En diciembre de 1997, Tim Berners-Lee, inventor de la web, declara a Pierre Ruetschi, periodista de La Tribune de Genève, un diario suizo: "¿Por qué las personas de habla francesa no ponen más información en la web? ¿Acaso piensan que nadie quiere consultarla en línea, que su cultura no tiene nada que ofrecer? Es una locura: por supuesto que la oferta es inmensa." Este reto se lleva a cabo en los años siguientes.

Profesor en tecnologías de la comunicación en la Webster University de Ginebra (Suiza), Henk Slettenhaar insiste en la necesidad de sitios web bilingües, en su idioma original y en inglés. Escribe en diciembre de 1998: "Las comunidades locales presentes en la web deberían utilizar antes de todo su propio idioma para difundir información. Si desean presentar esta información a la comunidad mundial, esta información deberá ser disponible también en inglés. Pienso que los sitios web bilingües son verdaderamente necesarios. (…) Pero estoy encantado de que ahora existan tantos documentos disponibles en su lengua original. Prefiero – y con mucho – leer el original con cierta dificultad antes que una traducción mediocre."

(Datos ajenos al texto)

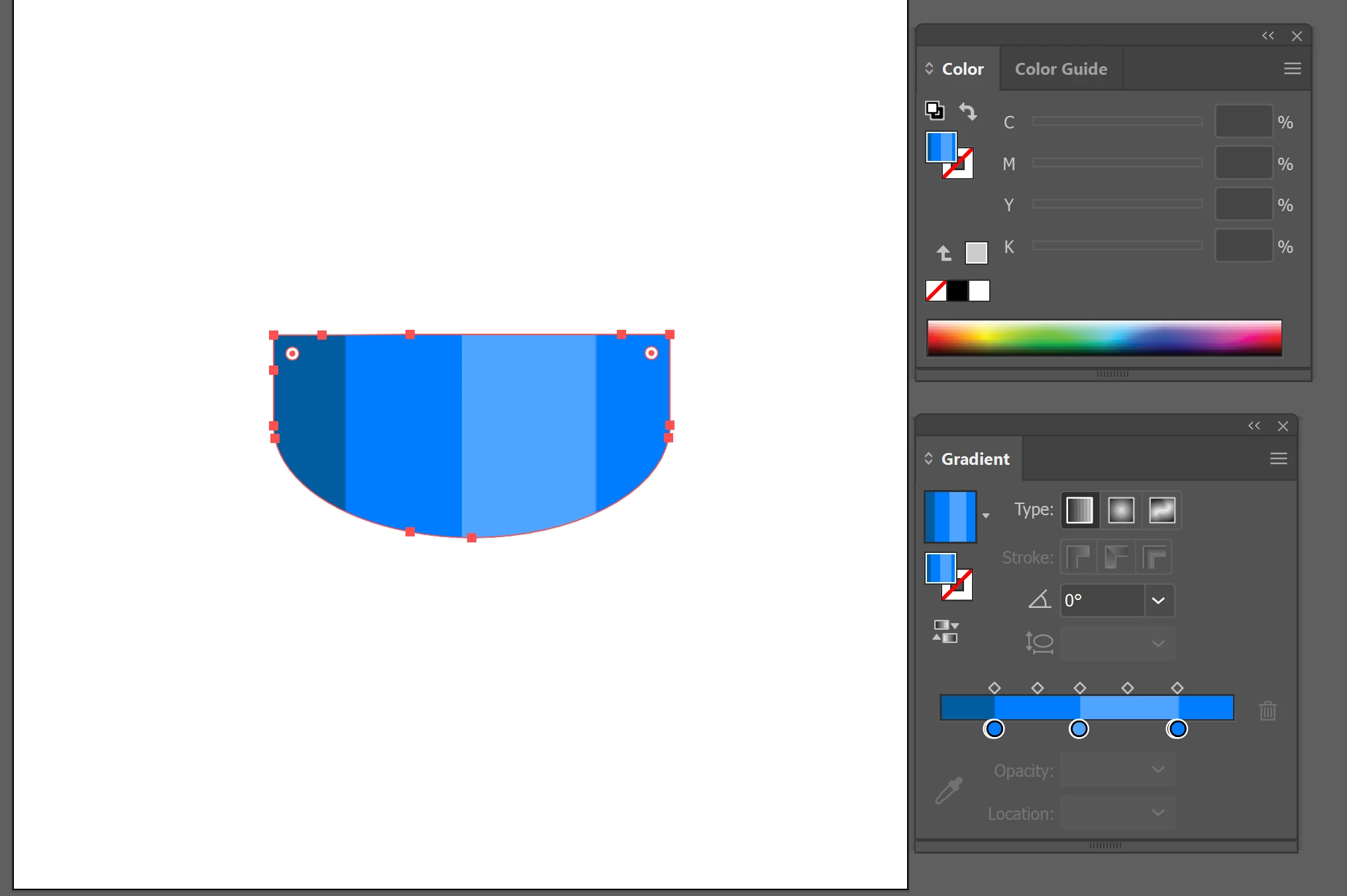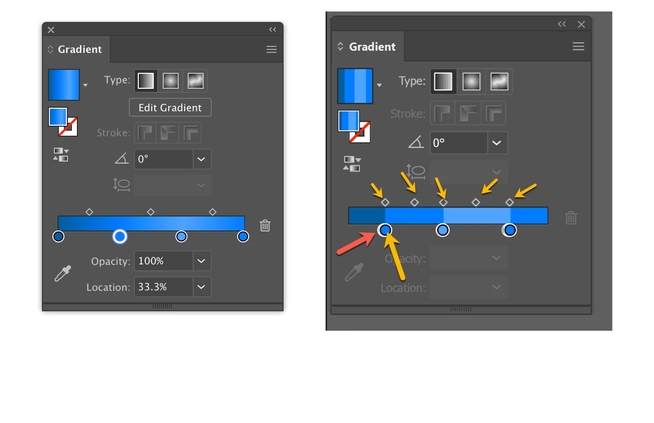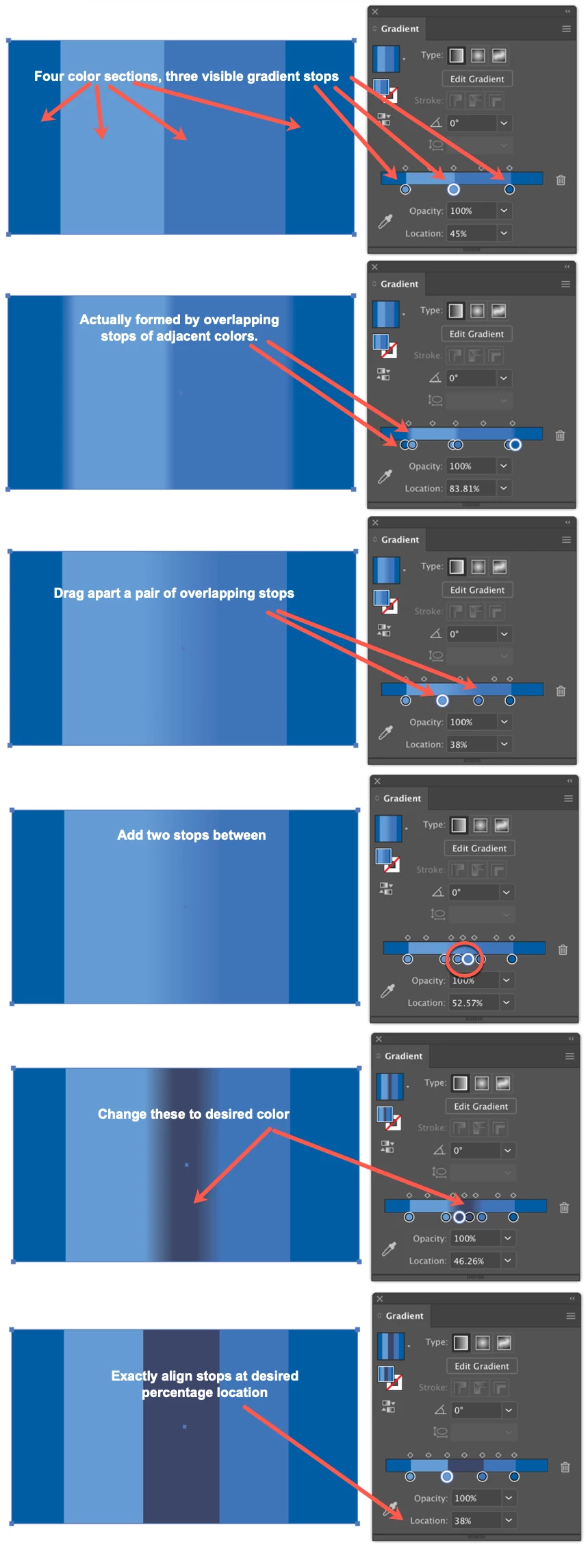 i saw someone can split a shape into 4 portions by using gradient. I want to add 1 more color in middle. But whatever i do, the newly added color will affect neighbour stripe. I google on gradient skill but cannot find tutorial on this skill
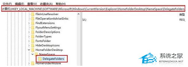 2、然后依次展开:HKEY_LOCAL_MACHINESOFTWAREMicrosoftWindowsCurrentVersionExplorerHomeFolderNameSpaceDelegateFolders。
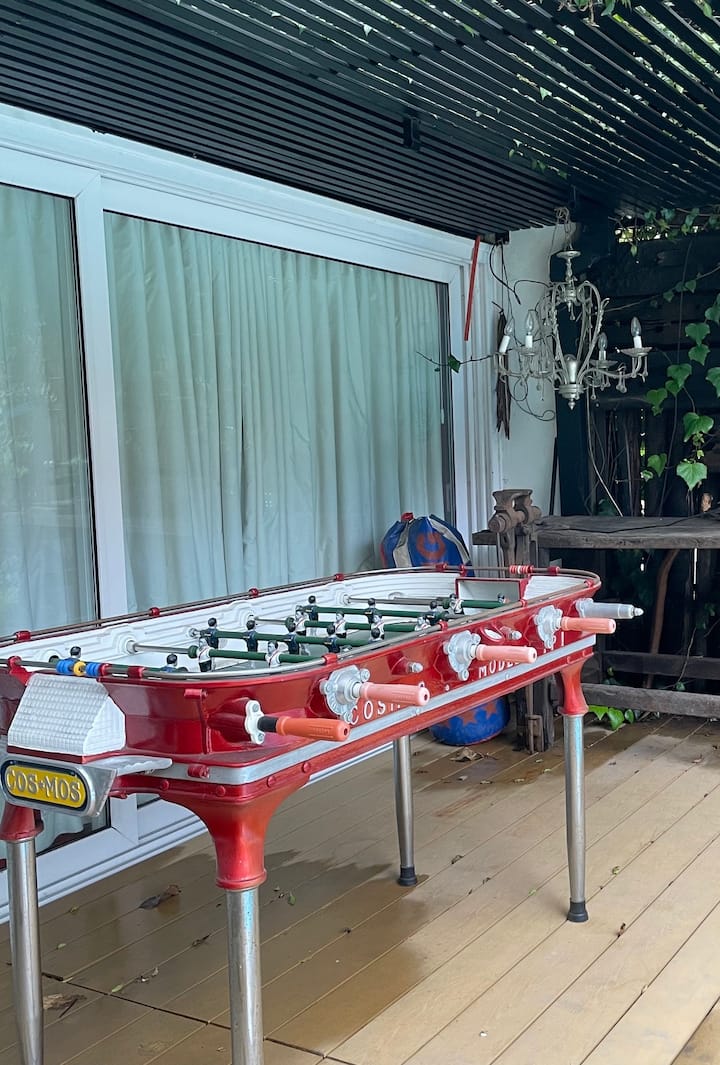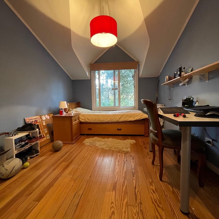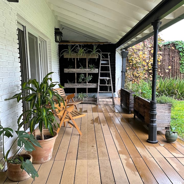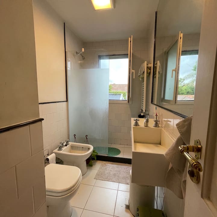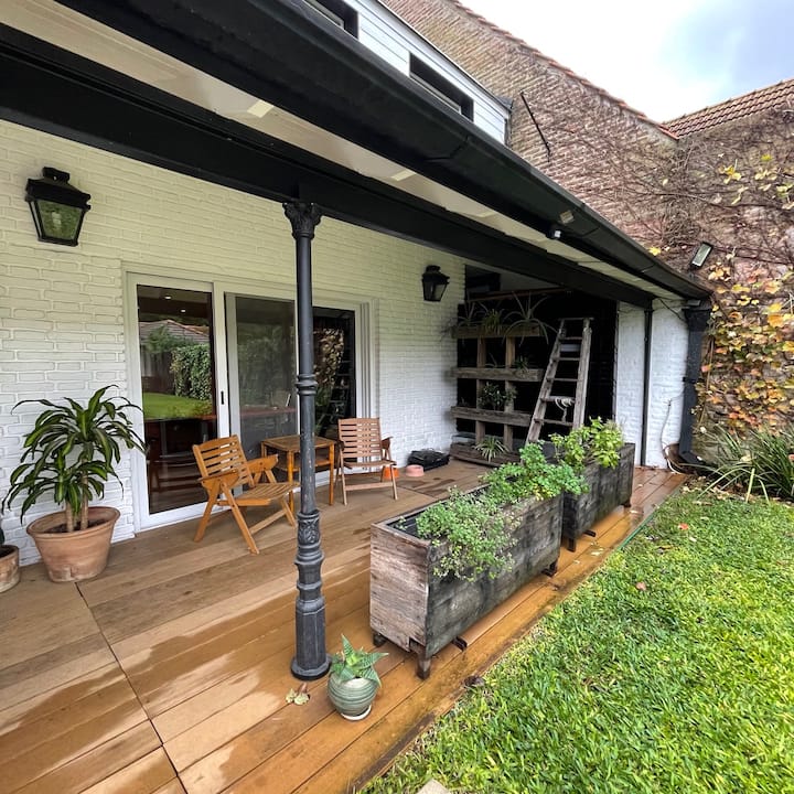 Квартира с 4 спальнями в Beccar, 2 уровня. Планировка включает гостиную, столовую, зону рабочего кабинета и библиотеку; комнаты сообщаются, кухня объединена с общей зоной. Окна со стеклопакетами, предусмотрено центральное отопление от электрического котла и радиаторы водяного отопления. В комплексе есть 2 санузла, один из них — в спальне с ванной комнатой, а также кондиционер в отдельной комнате; есть потолочные вентиляторы и система хранения с гардеробной. На территории предусмотрены сад, 2 кры

Henk añade en agosto de 1999: "A mi parecer, existen dos tipos de búsquedas en la web. En el primer caso, se trata de una búsqueda global en el campo de los negocios y de la información. Para llevarla a cabo, el idioma es primero el inglés, con versiones locales si es necesario. El segundo tipo de búsqueda concierne información local de toda clase en los lugares más remotos. Si la información se dirige a una etnia o a un grupo lingüístico, debe aparecer primero en el idioma de dicha etnia o de dicho grupo, con quizás un resumen en inglés."

Alain Bron, consultor en sistemas de información y escritor, explica en noviembre de 1999: "Se seguirán usando lenguas diferentes, y eso por mucho tiempo, tanto mejor para el derecho a la diferencia. El riesgo es por supuesto la invasión de una lengua en perjuicio de otras, y por lo tanto la nivelación cultural en detrimento de las otras. Pienso que poco a poco van a crearse servicios en línea para paliar esta dificultad. Al principio, algunos traductores podrán traducir y comentar textos a petición de los usuarios, y sobre todo los sitios más frecuentados invertirán en versiones en lenguas diversas, como lo hace la industria audiovisual."

Philippe Loubière, traductor literario francés, denuncia por su parte la preponderancia del inglés que se ha apoderado de la red. Explica en marzo de 2001: "Todo lo que puede contribuir a la diversidad lingüística, tanto en la web como en otros ámbitos, es indispensable para la supervivencia de la libertad de pensamiento. No exagero en absoluto: el hombre moderno se juega en ello la supervivencia. Ahora bien, yo soy muy pesimista respecto a esta evolución. Los anglosajones suelen escribir a todo el mundo en inglés sin ningún escrúpulo. La inmensa mayoría de los franceses comprueba con una indiferencia total cómo el inglés macarrónico de los comerciales y de los publicistas va sustituyendo poco a poco su propio idioma, y el resto del mundo ha dado por perfectamente admitida la hegemonía lingüística de los anglosajones porque no tiene más perspectivas sino servir a esos ricos y poderosos dueños. La única solución consistiría en recurrir a legislaciones internacionales lo suficientemente restrictivas como para obligar a los gobiernos nacionales a respetar y a hacer respetar la lengua nacional en sus propios países (el francés en Francia, el rumano en Rumanía, etc.), y eso en todos los campos, y no sólo en internet. Pero no hay que hacerse ilusiones…"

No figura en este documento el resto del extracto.